Given data:
=== Section Start ===
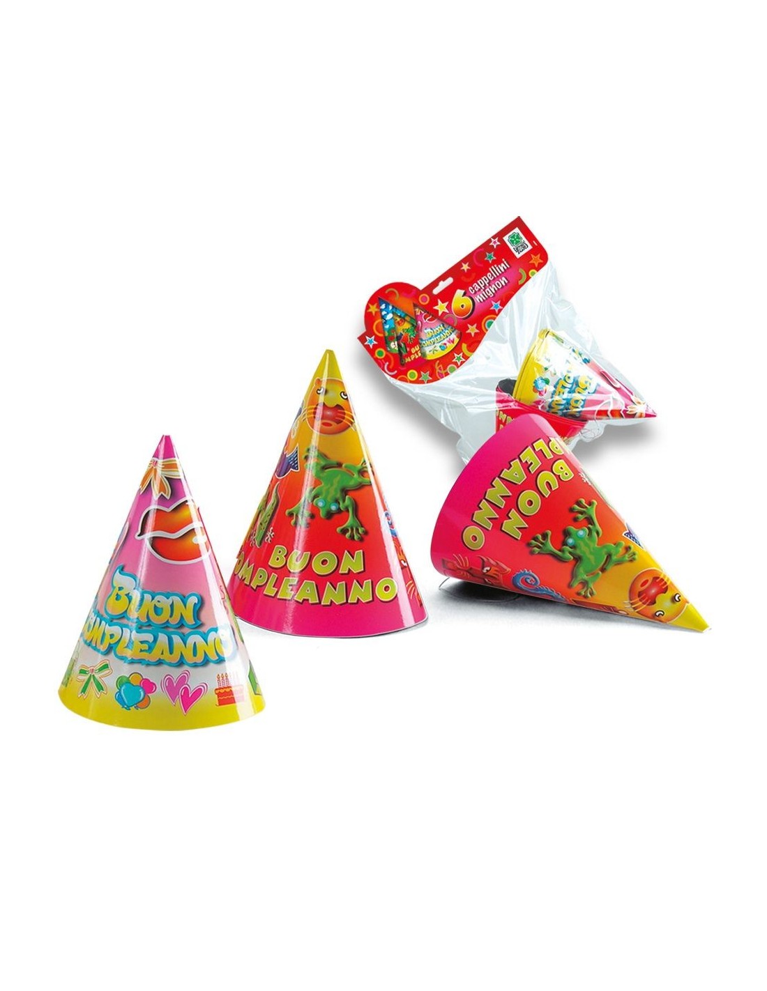 Il set comprende 6 cappellini a cono per festa di compleanno con scritta "BUON COMPLEANNO" in colori vivaci assortiti. I cappellini sono realizzati in cartoncino resistente con fantasie colorate e decorazioni festose che renderanno ogni celebrazione ancora più allegra. Ogni cappellino ha la classica forma a cono con elastico per tenerlo fermo sulla testa. Perfetti per animare feste di compleanno di bambini e adulti.
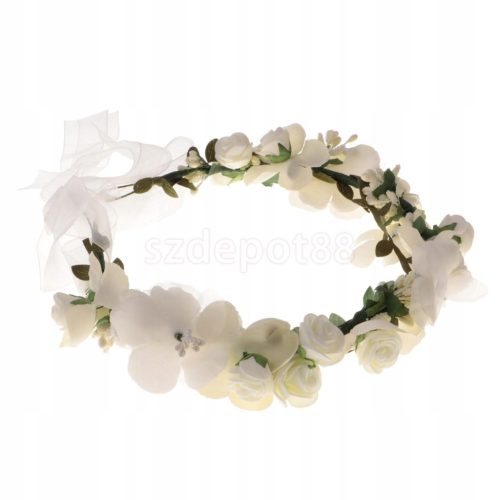 Wianek z dużymi kwiatami w kolorze mleczno białym i drobniejszymi różyczkami ecru oraz zielonymi akcentami prezentuje się naturalnie. Uroku całości dodają organzowe wstążki.
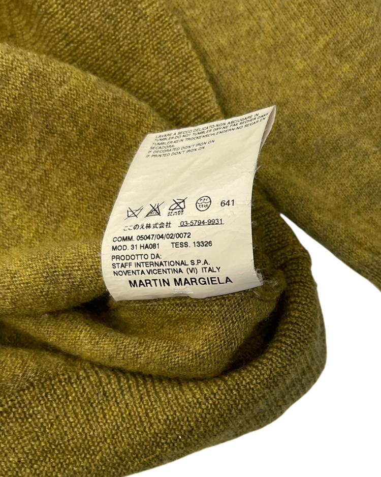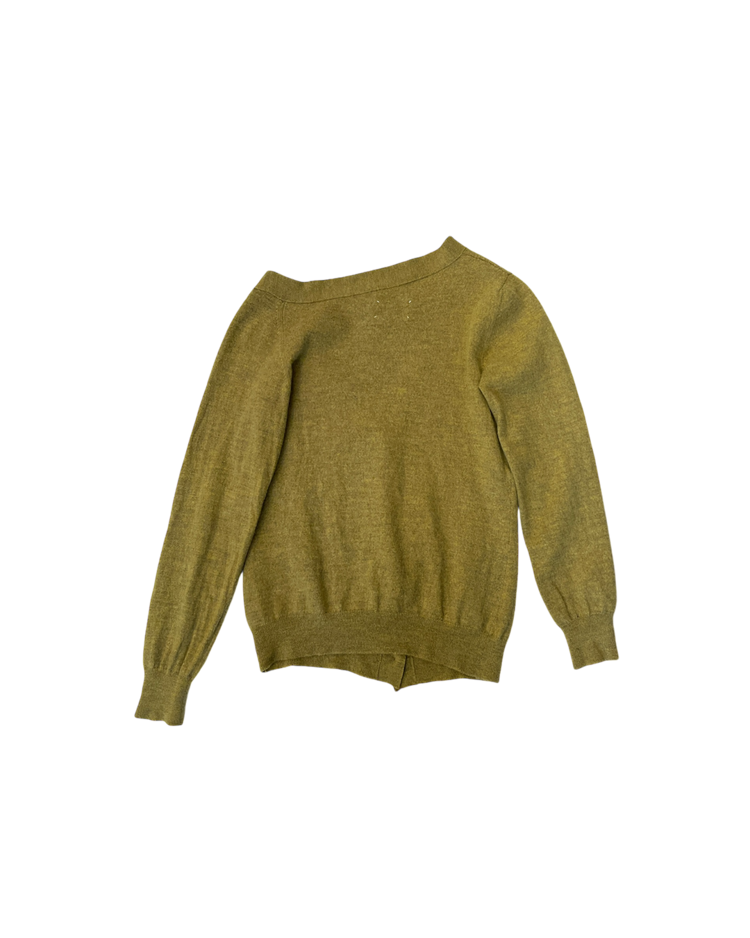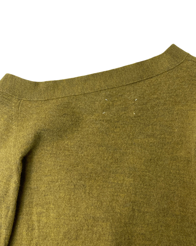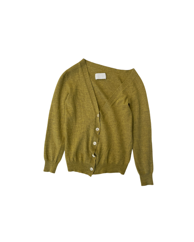 마틴 시기의 화이트 라벨 가디건입니다. 우측 어깨만 봉제가 존재해 좌측 드레이프한 핏이 매력적인 제품입니다.
=== Section End ===
Exercise: Please give again only those lines that run from the one containing "Wianek z dużymi" through the final line of the listing, both included, exactly as written and without pictures.

Result of the exercise:
 Wianek z dużymi kwiatami w kolorze mleczno białym i drobniejszymi różyczkami ecru oraz zielonymi akcentami prezentuje się naturalnie. Uroku całości dodają organzowe wstążki.
 마틴 시기의 화이트 라벨 가디건입니다. 우측 어깨만 봉제가 존재해 좌측 드레이프한 핏이 매력적인 제품입니다.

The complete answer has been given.